A 5ª Câmara de Direito Privado do Tribunal de Justiça, por maioria de votos, entendeu de forma exatamente oposta ao do magistrado de primeiro grau. Para a turma julgadora, quando a CPTM realizou licitação para contratar uma empresa de vigilância e segurança o fez porque não esperava apenas a atuação da Polícia Militar para a proteção do seu patrimônio e dos usuários de seus serviços.

De acordo com a turma julgadora, a Gocil Serviços de Vigilância e Segurança foi contratada pela CPTM por mais de R$ 27,5 milhões para exatamente garantir o patrimônio da empresa e a segurança dos passageiros. “O mínimo que se espera é que tanto as estações quanto os vagões tenham vigilantes aptos a desempenhar suas funções, para as quais, em tese treinados, resguardando o patrimônio da CPTM, bem como a incolumidade dos usuários”, afirmou o relator, Mathias Coltro, desembargador que conduziu a tese que saiu vencedora no julgamento.
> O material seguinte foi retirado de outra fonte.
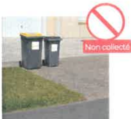
BACS TROP LOIN DE LA ROUTE
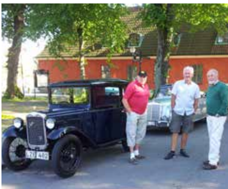
18 juni var det dags igen och då körde ett 20-tal personer till Haverdal för att inta medhavd fika och njuta av solens sakta dalande ner i havet.
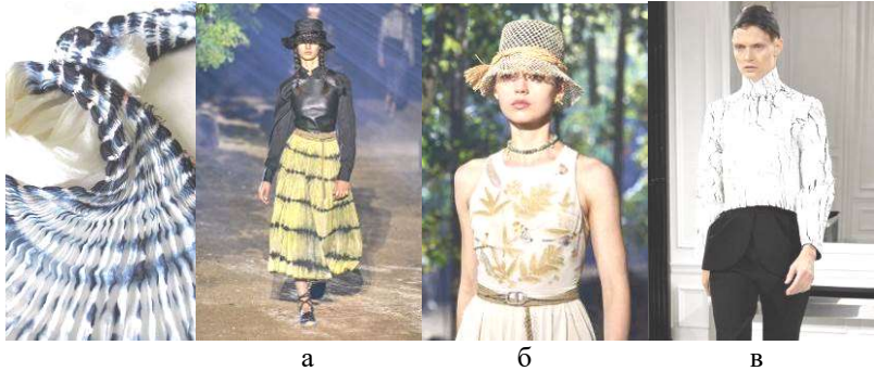
Рис. 3. Вироби із застосуванням старовинних технік: а – Shibori, Christian Dior SS2020, Париж [5]; б – еко-друк, Christian Dior, SS2020, Париж [6]; в – техніка кракелюру, Balenciaga AW2013, Нью-Йорк.

Таким чином, проаналізовано старовинні методи обробки тканин та спектр їх застосування дизайнерами фешн-індустрії. Визначено, що відомі Будинки мод надихаються цими мотивами для створення колекцій і допомагають транспонувати колективний досвід в новий стиль життя.
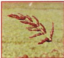
أبوركية، دخين، دنان Echinochloa crus-galli
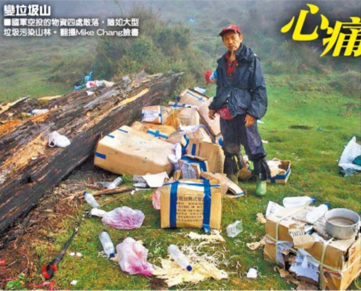
變位坂山 ■國軍空投的物資四處散落，猶如大型垃圾污染山林。
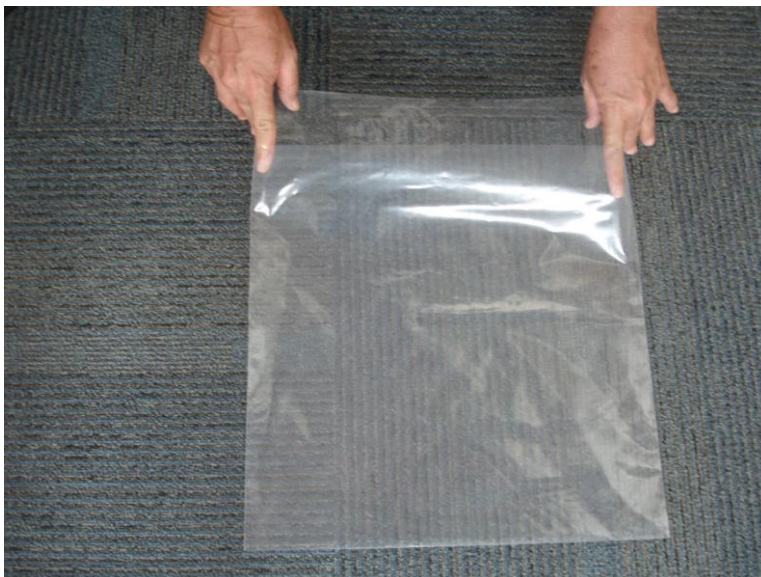
Lote 01 – Foto 02
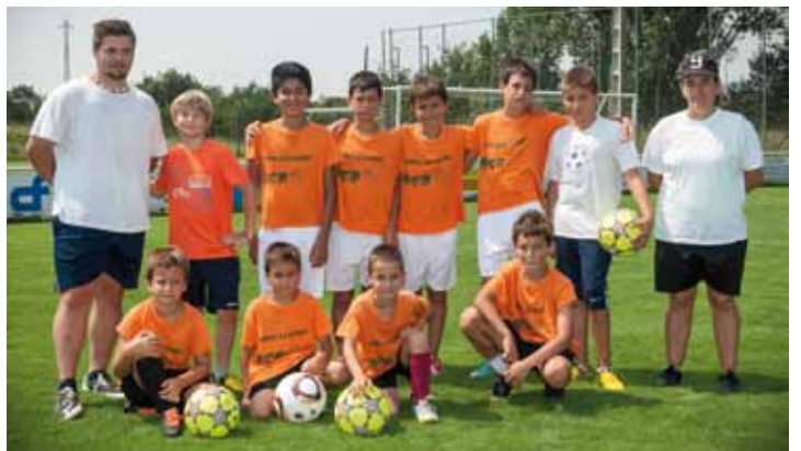
• El Casal del futbol
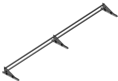
Снегозадержатель Optima 3 метра
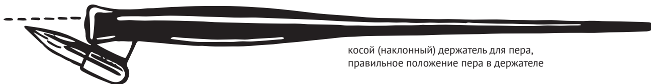
косой (наклонный) держатель для пера, правильное положение пера в держателе
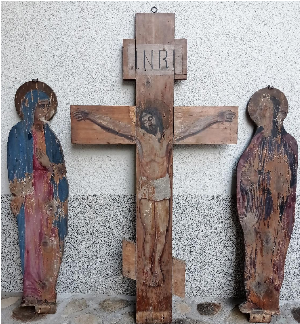
9. Запрестони крст, Андреј Биценко, 3. или 4. деценија XX века
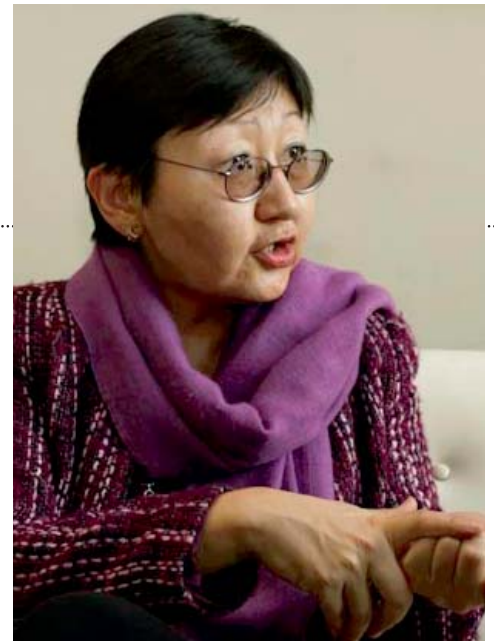
Ambassadeur et Représentant Permanent de la Mongolie auprès des Nations Unies

L'objectif final est d'accompagner les efforts des pays en développement sans littoral afin de les aider à atteindre les objectifs du millénaire pour le développement d'ici 2015, mais aussi à améliorer le développement humain, la santé maternelle et à réduire la mortalité infantile ainsi que les problèmes de santé.
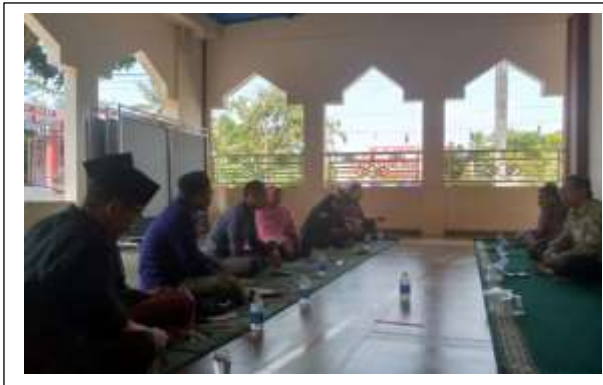
Gambar 2 Kegiatan Edukasi

Narasumber pertama sekaligus sebagai Wark 1 Bidang Akademik Universitas Insan Pembangunan Indonesia yang menyampaikan materi mengenai Maksud dan tujuan kegiatan Idul Adha dan dilanjutkan dengan penyerahan 1 ekor sapi hewan qurban dan sekaligus penyerahan dana pemotongan hewan qurban . Narasumber pertama menjelaskan maksud dan tujuan dari kegiatan pengabdian kepada masyarakat. Kegiatan PKM
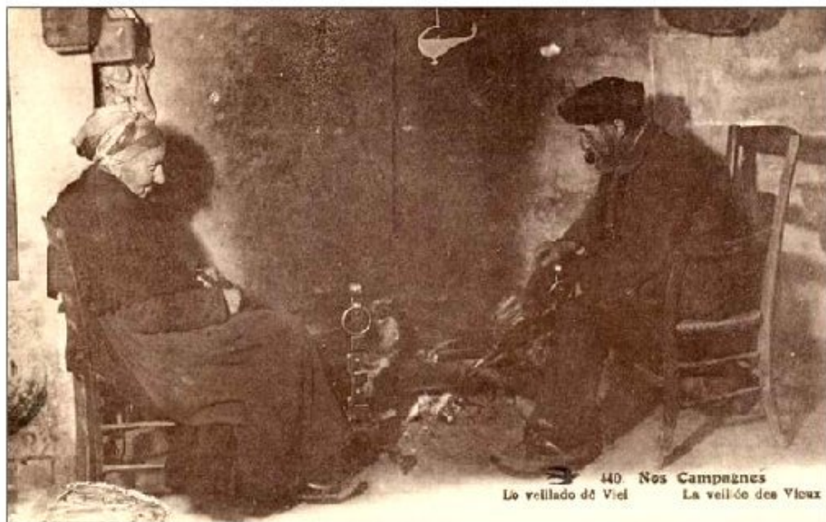
40. Nos Campagnes La veillée de Viel La veillée des Vieux

« Le Rouergue Républicain » du 7 novembre 1952
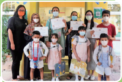
「非華語家長學堂」畢業
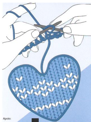
Símbolo do Grupo "Tecendo Alegria"

Mathias Coltro classificou como “ridícula” a justificativa do vigilante para não prestar atendimento a passageira. “A conduta desidiosa dos funcionários e vigilantes contratados da CPTM deve ser repudiada, pois ao verem a autora machucada, o mínimo que poderia ser feito, além da apuração dos fatos e até mesmo por uma questão de solidariedade, era providenciar atendimento médico”, completou o desembargador.

Segundo Mathias Coltro, esse fato serve para indicar que os seguranças contratados pela estatal paulista de transportes merecem melhor atenção da empresa. O relator indicou que o pagamento de 50 salários mínimos, como valor de indenização, deve servir como advertência à CPTM para que não volte a ter a mesma conduta e providencie segurança efetiva não apenas ao seu patrimônio, mas principalmente aos usuários da companhia.

A tese vencida, sustentada pelo revisor Carlos Alberto Giarusso Lopes Santos foi a de que a estatal paulista de transportes não praticou ato ilícito. Isso porque a passageira foi agredida por terceiros.